### Work task
Take from the entries below the stretch from the line with "文件名:填写文件的存放路径。(目录需有读写权限) 页面内容:填写页面的html代码。 |" through the line with "ศรีสะเกษ – จิตอาสาพระราชทานอำเภอเบญจลักษ์", and return it exactly, leaving the pictures out.

### Input for this task
========

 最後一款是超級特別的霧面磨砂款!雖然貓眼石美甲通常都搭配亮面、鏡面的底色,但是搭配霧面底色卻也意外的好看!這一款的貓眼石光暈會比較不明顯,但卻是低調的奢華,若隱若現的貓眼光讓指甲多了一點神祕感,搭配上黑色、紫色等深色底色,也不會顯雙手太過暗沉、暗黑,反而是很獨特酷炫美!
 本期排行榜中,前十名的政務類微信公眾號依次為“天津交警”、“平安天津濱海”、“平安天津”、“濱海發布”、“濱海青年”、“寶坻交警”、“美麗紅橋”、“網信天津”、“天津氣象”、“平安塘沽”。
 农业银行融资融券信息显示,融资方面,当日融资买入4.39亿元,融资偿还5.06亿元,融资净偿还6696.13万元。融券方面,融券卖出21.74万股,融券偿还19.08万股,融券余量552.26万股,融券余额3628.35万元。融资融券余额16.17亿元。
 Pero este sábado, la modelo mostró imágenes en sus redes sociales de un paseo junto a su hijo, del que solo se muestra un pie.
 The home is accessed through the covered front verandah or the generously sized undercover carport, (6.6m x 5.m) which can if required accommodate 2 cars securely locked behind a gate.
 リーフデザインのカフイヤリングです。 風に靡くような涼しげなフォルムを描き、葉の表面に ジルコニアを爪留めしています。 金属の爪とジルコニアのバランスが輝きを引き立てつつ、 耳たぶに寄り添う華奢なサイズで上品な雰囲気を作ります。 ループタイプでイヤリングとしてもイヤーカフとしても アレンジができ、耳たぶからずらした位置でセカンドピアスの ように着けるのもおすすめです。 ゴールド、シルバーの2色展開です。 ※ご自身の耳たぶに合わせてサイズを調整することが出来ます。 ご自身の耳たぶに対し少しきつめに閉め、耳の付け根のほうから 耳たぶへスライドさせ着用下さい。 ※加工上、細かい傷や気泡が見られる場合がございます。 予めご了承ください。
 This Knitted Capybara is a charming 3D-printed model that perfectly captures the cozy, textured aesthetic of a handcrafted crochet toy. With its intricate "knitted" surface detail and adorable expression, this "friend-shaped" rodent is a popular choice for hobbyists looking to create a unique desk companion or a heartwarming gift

========

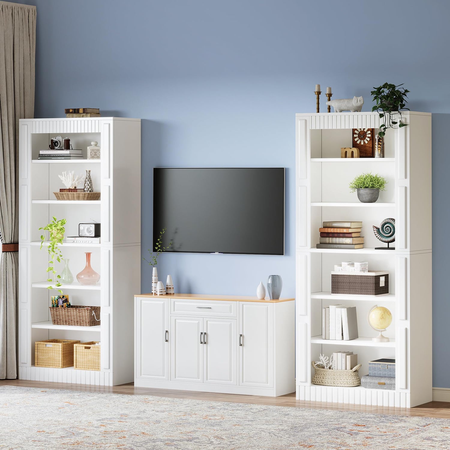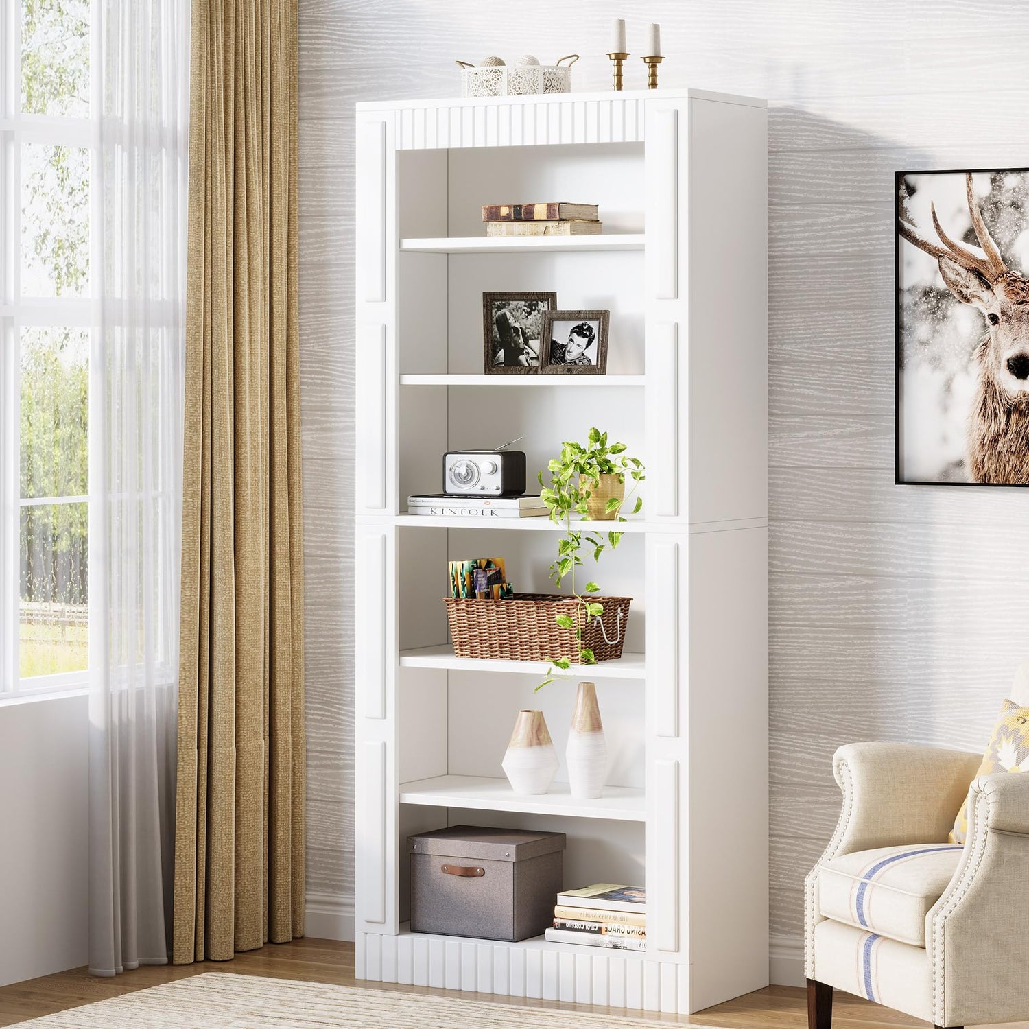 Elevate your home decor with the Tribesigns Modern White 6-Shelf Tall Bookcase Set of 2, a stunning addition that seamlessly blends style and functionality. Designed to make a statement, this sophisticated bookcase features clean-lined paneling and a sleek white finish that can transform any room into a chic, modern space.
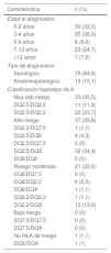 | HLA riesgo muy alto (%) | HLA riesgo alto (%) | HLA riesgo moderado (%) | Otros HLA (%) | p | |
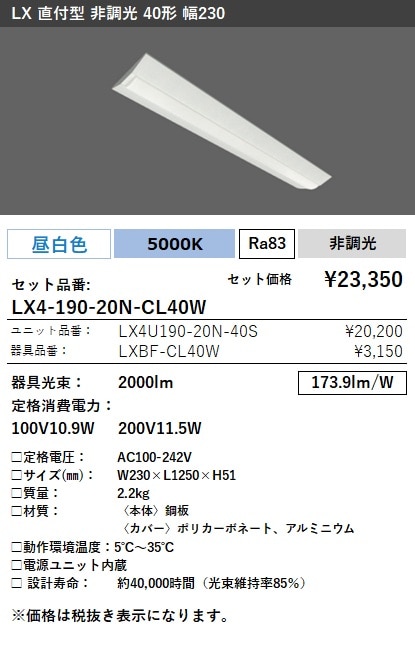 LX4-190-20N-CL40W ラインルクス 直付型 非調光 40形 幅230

========

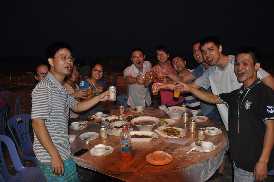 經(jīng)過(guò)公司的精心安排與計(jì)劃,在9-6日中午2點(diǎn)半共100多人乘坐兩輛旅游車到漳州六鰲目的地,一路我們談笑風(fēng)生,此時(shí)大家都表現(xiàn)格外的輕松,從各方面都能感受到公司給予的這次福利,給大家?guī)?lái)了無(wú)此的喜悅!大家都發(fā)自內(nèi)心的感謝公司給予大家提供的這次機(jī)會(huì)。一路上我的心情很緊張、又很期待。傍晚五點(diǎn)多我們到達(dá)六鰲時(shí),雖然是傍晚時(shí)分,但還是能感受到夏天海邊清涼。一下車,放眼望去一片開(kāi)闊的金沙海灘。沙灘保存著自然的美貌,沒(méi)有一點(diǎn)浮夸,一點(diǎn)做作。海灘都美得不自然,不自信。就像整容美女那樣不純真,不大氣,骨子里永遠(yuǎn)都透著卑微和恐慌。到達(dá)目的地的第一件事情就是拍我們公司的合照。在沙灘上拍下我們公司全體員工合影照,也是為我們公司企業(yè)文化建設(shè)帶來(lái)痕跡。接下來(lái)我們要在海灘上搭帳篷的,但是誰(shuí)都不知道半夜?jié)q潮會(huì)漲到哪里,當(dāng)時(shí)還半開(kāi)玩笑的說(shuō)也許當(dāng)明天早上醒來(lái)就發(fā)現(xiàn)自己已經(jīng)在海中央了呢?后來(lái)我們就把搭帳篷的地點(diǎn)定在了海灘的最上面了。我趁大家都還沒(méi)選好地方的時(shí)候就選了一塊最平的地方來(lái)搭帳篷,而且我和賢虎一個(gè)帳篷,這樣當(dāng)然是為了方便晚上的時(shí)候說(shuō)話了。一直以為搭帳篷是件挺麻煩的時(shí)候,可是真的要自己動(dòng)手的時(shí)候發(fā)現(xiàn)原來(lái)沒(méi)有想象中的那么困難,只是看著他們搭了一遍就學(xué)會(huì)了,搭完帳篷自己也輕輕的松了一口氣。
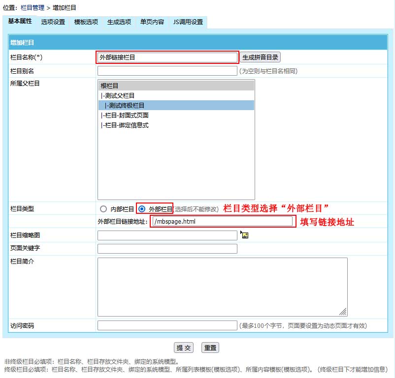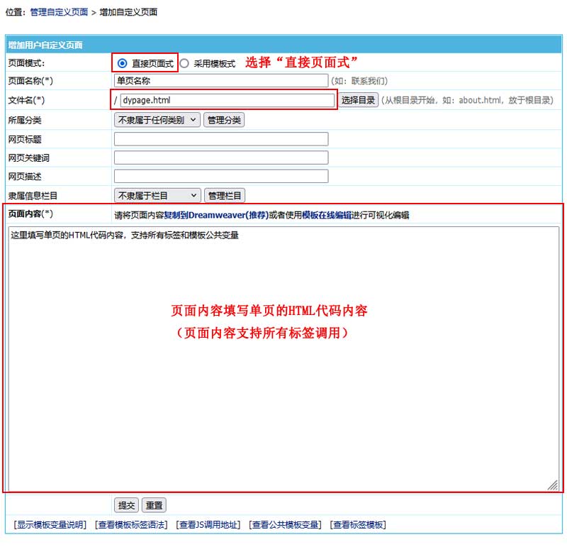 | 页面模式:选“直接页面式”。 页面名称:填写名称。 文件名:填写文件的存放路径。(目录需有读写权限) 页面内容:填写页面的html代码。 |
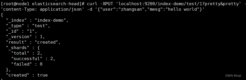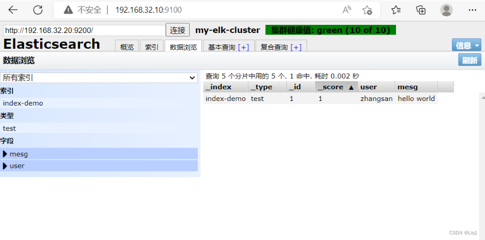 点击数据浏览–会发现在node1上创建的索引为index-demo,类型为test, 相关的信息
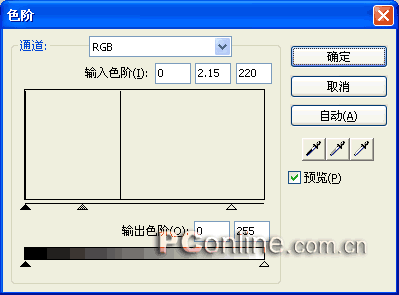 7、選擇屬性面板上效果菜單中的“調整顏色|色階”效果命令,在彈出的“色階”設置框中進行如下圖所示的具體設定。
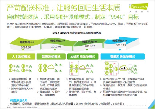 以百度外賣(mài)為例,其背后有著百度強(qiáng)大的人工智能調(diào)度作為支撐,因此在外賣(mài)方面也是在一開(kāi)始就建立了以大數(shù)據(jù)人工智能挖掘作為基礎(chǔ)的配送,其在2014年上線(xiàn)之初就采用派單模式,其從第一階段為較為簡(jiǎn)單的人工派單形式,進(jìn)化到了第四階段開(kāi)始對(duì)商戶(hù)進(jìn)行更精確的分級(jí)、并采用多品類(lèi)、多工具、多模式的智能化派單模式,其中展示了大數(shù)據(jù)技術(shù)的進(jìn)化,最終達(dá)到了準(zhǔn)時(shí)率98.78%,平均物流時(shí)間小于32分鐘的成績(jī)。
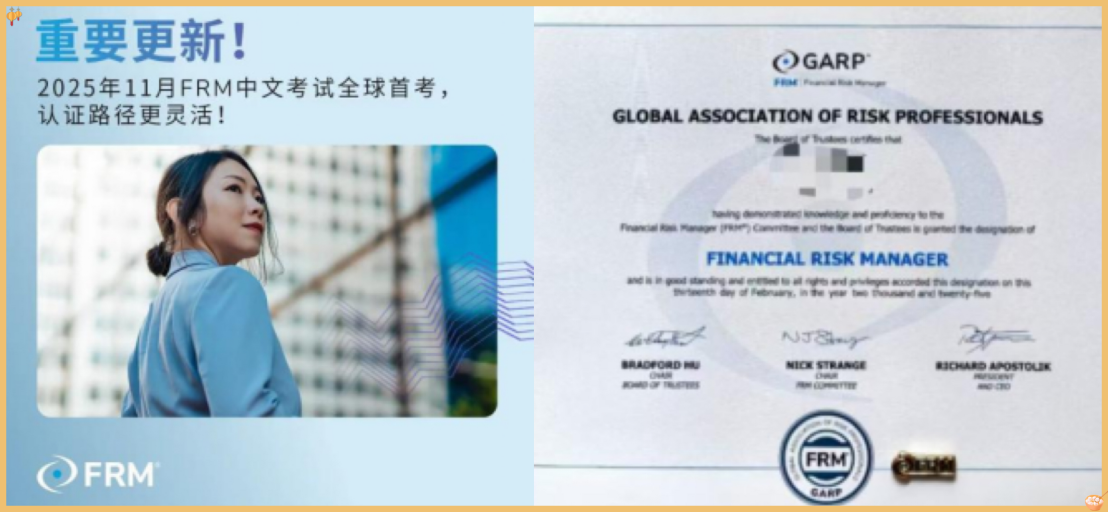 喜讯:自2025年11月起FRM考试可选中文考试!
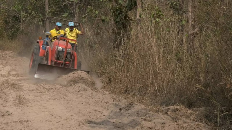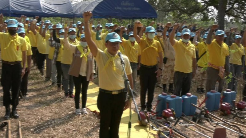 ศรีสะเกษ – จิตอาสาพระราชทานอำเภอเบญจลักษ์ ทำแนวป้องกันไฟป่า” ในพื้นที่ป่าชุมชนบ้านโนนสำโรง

========

### Task response
 | 页面模式:选“直接页面式”。 页面名称:填写名称。 文件名:填写文件的存放路径。(目录需有读写权限) 页面内容:填写页面的html代码。 |
 点击数据浏览–会发现在node1上创建的索引为index-demo,类型为test, 相关的信息
 7、選擇屬性面板上效果菜單中的“調整顏色|色階”效果命令,在彈出的“色階”設置框中進行如下圖所示的具體設定。
 以百度外賣(mài)為例,其背后有著百度強(qiáng)大的人工智能調(diào)度作為支撐,因此在外賣(mài)方面也是在一開(kāi)始就建立了以大數(shù)據(jù)人工智能挖掘作為基礎(chǔ)的配送,其在2014年上線(xiàn)之初就采用派單模式,其從第一階段為較為簡(jiǎn)單的人工派單形式,進(jìn)化到了第四階段開(kāi)始對(duì)商戶(hù)進(jìn)行更精確的分級(jí)、并采用多品類(lèi)、多工具、多模式的智能化派單模式,其中展示了大數(shù)據(jù)技術(shù)的進(jìn)化,最終達(dá)到了準(zhǔn)時(shí)率98.78%,平均物流時(shí)間小于32分鐘的成績(jī)。
 喜讯:自2025年11月起FRM考试可选中文考试!
 ศรีสะเกษ – จิตอาสาพระราชทานอำเภอเบญจลักษ์ ทำแนวป้องกันไฟป่า” ในพื้นที่ป่าชุมชนบ้านโนนสำโรง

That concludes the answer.